В ответ послышалась искуснейшая матерщина в адрес начальства, правительства и всего человечества. Но кое-кто продолжал храпеть – никакой окрик не в силах был поднять этих переутомлённых людей.

Я всё-таки растолкал Сашку Жареного (по имени его называли редко, а по фамилии – никогда), соседа по вагонке, бывшего танкиста-фронтовика с безобразной маской вместо лица и обгоревшими же, без ногтей, кистями рук – память о сорок третьем. Прохоровка под Сталинградом, кошмарное побоище, которое ему и по сей день снилось.

Никому не хотелось выходить из барака под бесконечно моросящий ненавистный дождь. Собственно, дождя не было: с грязного неба оседала холодная, словно из пульверизатора, мельчайшая капель и водяная пыль.

У загона рядом с вахтой уже стоял, переминаясь нетерпеливо, нарядчик в новенькой зековской одежке и донимал Зарембу:

– Где твои разбойники, бригадир? Чего тянетесь?

Здесь же находился нахохлившийся и молчаливый начальник режима. Вот уж кому не позавидуешь – собачья должность. И в зоне торчит едва ли не большую часть суток. Ни за какие тысячи, ни за какие звёзды на погонах не согласился бы на подобную добровольную каторгу – честно!

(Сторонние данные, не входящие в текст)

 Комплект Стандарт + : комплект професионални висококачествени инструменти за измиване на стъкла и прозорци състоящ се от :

– Гражданин начальник, имейте совесть – в дождик на работу. В такую погоду хороший хозяин собаку со двора не выгонит…

Начреж и рта не разинул. Закоченел, что ли, в своей, водяными бусинками усеянной шинелишке. А вернее всего, хотел всем своим непоколебимым видом показать, что никакого дождя нет и претензии зеков совершенно безосновательны.

Я так и не понял, почему из бригады в тридцать с лишним рабов нарядчик с молчаливого согласия начрежа выбрал лишь двадцать. Остальные, на радостях, кинулись, разбрызгивая грязь, к бараку, в тёплую кислую духоту, на нары. Я позавидовал им, вспомнив про книгу, от которой пришлось оторваться. И меня продолжал занимать вопрос: почему отобрали именно нас? По какому признаку? Вскоре сообразил: все мы – с первой судимостью. У Саши Жареного ходка тоже первая. За спекуляцию. Мелкую. Статья – не «тяжелая». Но его не взяли. Почему? Может, физиономия не понравилась? Вместо нормального человеческого лица у него – бугристая пластилиновая маска без бровей и ресниц. Над Жареным шутят: встреться он в тёмном переулке – со страху уделаешься. Без напоминания кошелёк отдашь. И в придачу всё с себя скинешь.

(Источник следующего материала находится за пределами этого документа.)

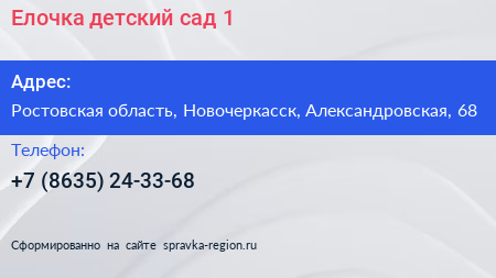 Елочка, детский сад №1 по адресу Ростовская область, Новочеркасск, Александровская, 68 в дальнейшем Организация, размещена в следующих категориях:

Саша к шуткам снисходителен. Да и не дурак он, знает: будешь «заводиться» – со свету издёвками сживут. Коллективно. Дружно. И – безнаказанно. Как всегда. А один блатной, этакий вроде бы демократ и защитник мужиков, подтрунивал над бывшим лейтенантом, командиром танка:

– Ну и харя у тебя, Жареный. Ты свою бабу наверняка заикой заделал? Уж не тебя ли она зачалила? За испуг?

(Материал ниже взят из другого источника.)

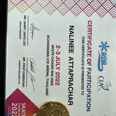 รางวัล Drama spot Fs.1 7-8 year รางวัลที่ 1 First Place และ Rhythmic Hoop Fs.1 – 3 7 – 8 year รางวัลที่ 2 Second Place รายการแข่งขัน SKATE CHIANGMAI 2022
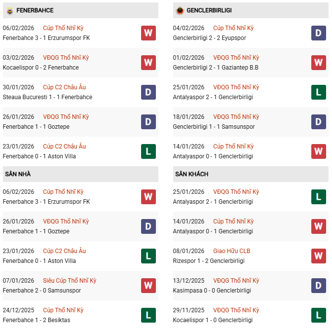 Thống kê đối đầu Fenerbahce vs Genclerbirligi:

И хохотал от души. Ему, конечно же, наплевать на то, что Саша не покинул горящую машину, что полуживым из неё вытащили и что за тот бой ему в госпитале вручили орден Красной Звезды…

Так вот, Сашу в зоне оставили. А меня, его напарника, вызвали по списку. Может быть, там, куда нас поведут или повезут, просто не нужна бригада полностью? Может быть, может быть… На какой объект нас направляют, нарядчик, прихвостень начальства, разумеется, не скажет. Предполагай что хочешь.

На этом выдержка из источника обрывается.